For some reason the EFI function AllocatePages() returns GRUB_EFI_NOT_FOUND, despite having the EFI memory map show a proper free region of proper size:
[...] conv-mem 000000007eaed000-000000007eb74fff 00000088 544KiB UC WC WT WB [...]
The code allocates memory through using AllocateAddress type, with the memory starting at proper location:
kern/efi/mm.c:176: allocate_pages(2, 1, 0x88, 0x000000007eaed000) = 0x800000000000000e 172 b = grub_efi_system_table->boot_services; 173 status = efi_call_4 (b->allocate_pages, alloctype, memtype, pages, &ret); 174 if (status != GRUB_EFI_SUCCESS) 175 { 176 grub_dprintf ("efi", 177 "allocate_pages(%d, %d, 0x%0lx, 0x%016lx) = 0x%016lx\n", 178 alloctype, memtype, pages, address, status); 179 grub_error (GRUB_ERR_OUT_OF_MEMORY, N_("out of memory")); 180 return NULL; 181 } 491 enum grub_efi_allocate_type 492 { 493 GRUB_EFI_ALLOCATE_ANY_PAGES, 494 GRUB_EFI_ALLOCATE_MAX_ADDRESS, 495 GRUB_EFI_ALLOCATE_ADDRESS, <<<<<< 496 GRUB_EFI_MAX_ALLOCATION_TYPE 497 }; 498 typedef enum grub_efi_allocate_type grub_efi_allocate_type_t;
Weirdly, the issue only occurs if doing a ls first, then connectefi pciroot and ls.

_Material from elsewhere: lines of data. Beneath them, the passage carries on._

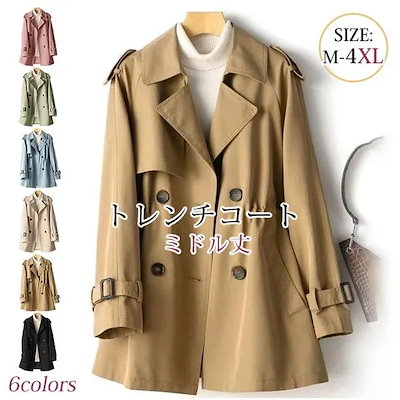トレンチコート レディース スプリングコート ミドル丈 アウター 春 春コート 無地 コート 長袖 ライトアウター ジャケット カジュアル
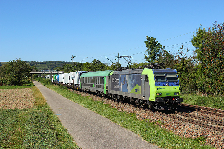 Weil es so ergiebig war, ging es am 13.09.2019 noch einmal früh morgens an die Rheintalbahn nach Heitersheim. Den Anfang machten BLS-Cargo 485 001+011 mit einem Cargo-Beamer von Novara nach Freiburg. |
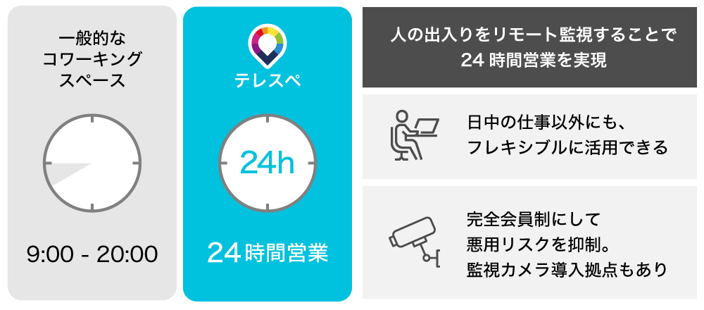 「テレスペセカンドハウス」は、全て無人で運営されているため、場所によっては24時間稼働が可能です。平日の昼間は企業の社員さんが業務に使用し、夜間や休日はフリーランスの方など様々なニーズで収益が見込めると考えています。

If we skip the initial ls, this works.
This occurs despite lsefimmap showing exact same maps (see attached files as well).
This tends to indicate that executing a ls allocates some memory in the region but the EFI map is not updated to reflect this, causing the next allocate_pages() to fail.
But this is not that satisfactory because executing ls initially doesn't show any allocation of memory (because I guess it was done already while in the Grub menu).
What is the impact of this issue to you?
None at the moment, since I found this through investigating some other issue with connectefi command.
Please provide the package NVR for which the bug is seen:
grub2-efi-x64-2.06-92.el9.x86_64 (GA)
grub2-efi-x64-2.06-93.el9_5.x86_64 (Latest)
How reproducible is this bug?:
Always
Steps to reproduce
- Install a QEMU/KVM with RHEL9.5
- Update the system (or not, doesn't matter since all Grub packages fail similarly)
- At the Grub menu, get to the prompt and type
grub> ls grub> connectefi pciroot grub> ls
Expected results
Listing of partitions.
Actual results
LVM partition "(lvm/rhel-root) " then a crash